Fear not: you don’t have to cancel all your carefully thought out plans. You can always postpone the big shindig to a date in the future! At the end of the day, you need to do what is right for you, but postponing still gives you plenty of options and doesn’t completely write off everything you had planned for your wedding day.

As long as you feel like postoning instead of canceling is right for you, you can start by notifying your vendors, even if you don’t have all the new details hammered out just yet. The sooner you reach out to your venue, photographer, and other major players, the more likely you will have the new dates you’re eyeing available for all involved.
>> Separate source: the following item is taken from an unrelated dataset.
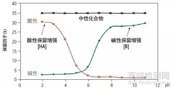 當分析物含有可電離官能團時(可電離官能團指,在不同的pH條件下可處于不同程度的電離狀態,例如:伯/仲/叔胺基、羧酸基、酚酸基),pH條件將強烈影響分析物的反相保留效果,pH條件的改變也會造成最強烈的選擇性改變效果。酸性和堿性化合物在其未電離狀態下時反相保留最大,中性化合物的保留不受pH影響。
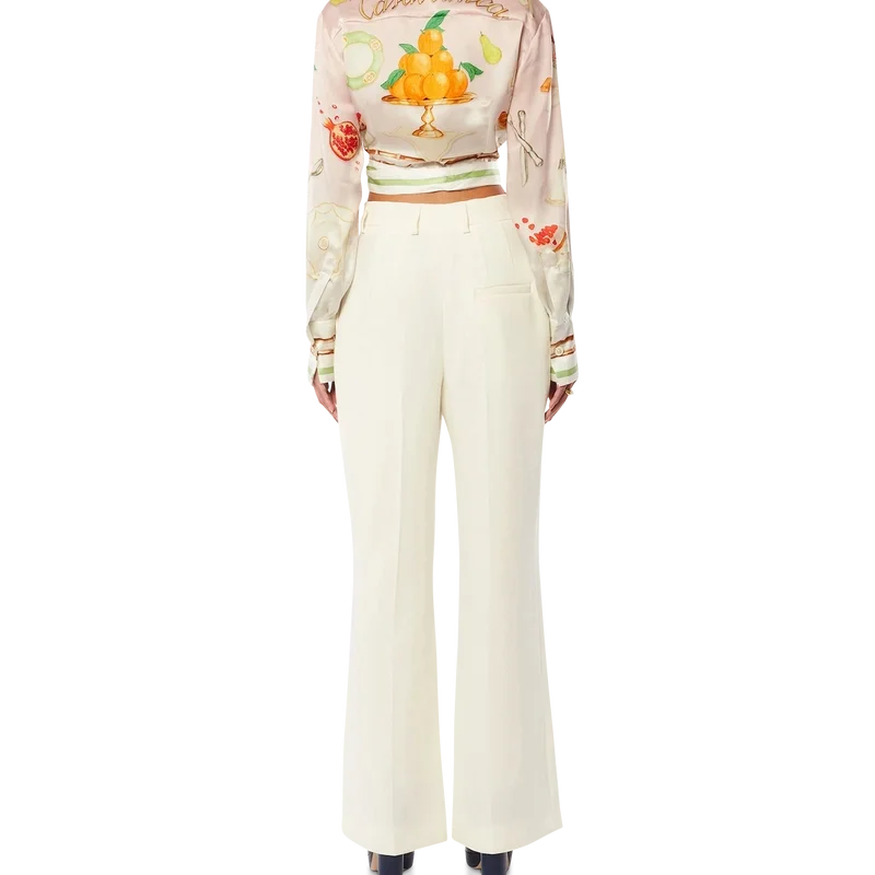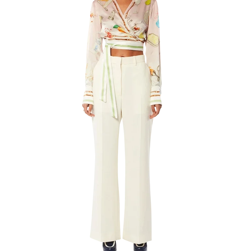 Die „Ne Pas Deranger“ Wickelbluse ist ein langärmeliges Modell mit V-Ausschnitt und einem Allover-Print, der die klassische ikonografische orangefarbene Pyramide des Hauses zeigt. Das aus Seidentwill gefertigte Kleidungsstück verfügt über einen Wickelverschluss mit Schleife, Streifendetails an Kragen, Manschetten, Saum und Schleife sowie ein Casablanca-Markenlabel.

Personally, I’m working with every single client I have to be sure I’m available for their new date, not charging change fees for postponement, and I offer to help coordinate other vendors so very little has to actually change save for the date of your wedding. Be sure to communicate with your vendors clearly, but also understand we are all doing our best and most of us are as uncertain as you are.

Be sure when you discuss your plans with your vendors that you look at all options. Most vendors are happy to move dates with no fees and are willing to photograph on non-Saturday days. Consider a Friday or a Sunday wedding or even a weekday wedding in order to keep the same vendors. Having some flexibility on the day of the week may keep having to change more plans at bay.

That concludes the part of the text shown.